For the data that follows, print the line with "Not only did", the line with "Горка с качелями", and all lines between them, exactly as they stand. Omit pictures and add nothing.
╭─ RECORDS TO USE
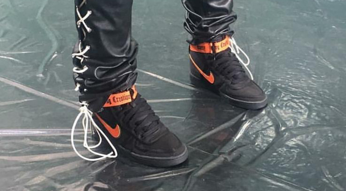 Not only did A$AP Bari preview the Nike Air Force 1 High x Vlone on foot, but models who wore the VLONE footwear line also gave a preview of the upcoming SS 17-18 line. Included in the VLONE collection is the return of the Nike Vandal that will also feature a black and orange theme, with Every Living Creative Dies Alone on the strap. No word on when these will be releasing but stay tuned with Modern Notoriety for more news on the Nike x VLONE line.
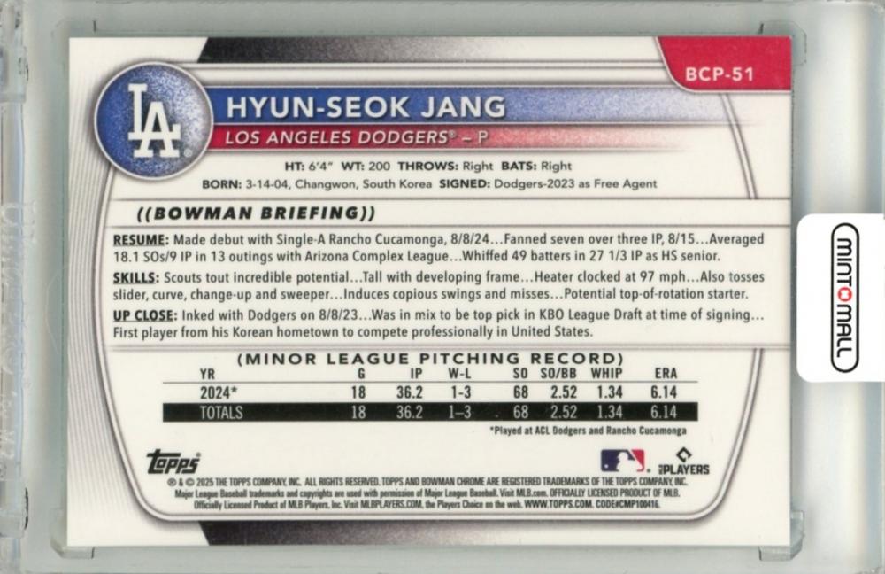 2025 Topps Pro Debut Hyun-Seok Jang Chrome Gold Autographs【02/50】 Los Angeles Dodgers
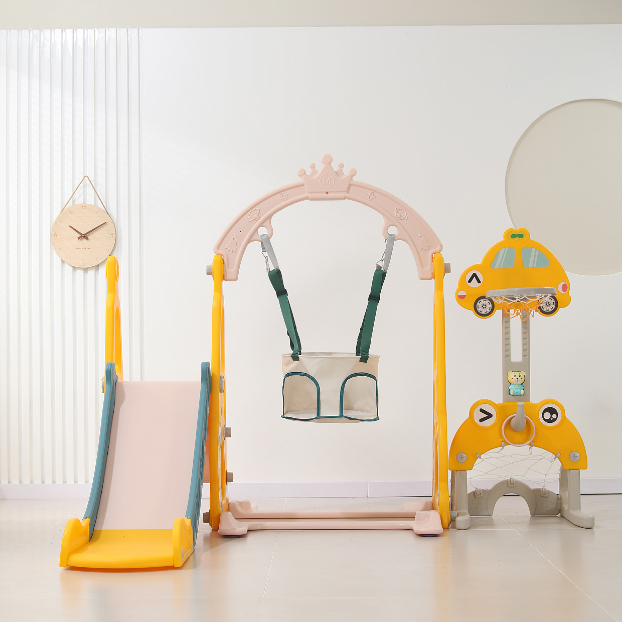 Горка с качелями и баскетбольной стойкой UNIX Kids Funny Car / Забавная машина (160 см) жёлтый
╰─
╭─ RECORDS TO USE
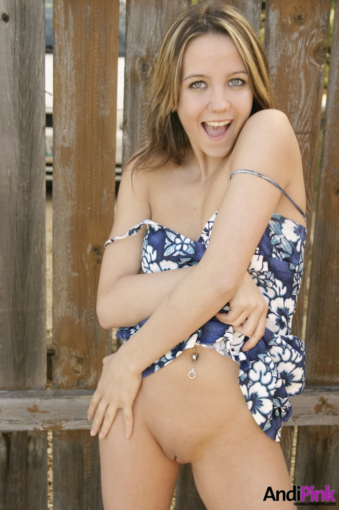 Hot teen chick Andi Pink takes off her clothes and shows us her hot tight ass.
╰─
▶ [EXERCISE RESPONSE]
 Not only did A$AP Bari preview the Nike Air Force 1 High x Vlone on foot, but models who wore the VLONE footwear line also gave a preview of the upcoming SS 17-18 line. Included in the VLONE collection is the return of the Nike Vandal that will also feature a black and orange theme, with Every Living Creative Dies Alone on the strap. No word on when these will be releasing but stay tuned with Modern Notoriety for more news on the Nike x VLONE line.
 2025 Topps Pro Debut Hyun-Seok Jang Chrome Gold Autographs【02/50】 Los Angeles Dodgers
 Горка с качелями и баскетбольной стойкой UNIX Kids Funny Car / Забавная машина (160 см) жёлтый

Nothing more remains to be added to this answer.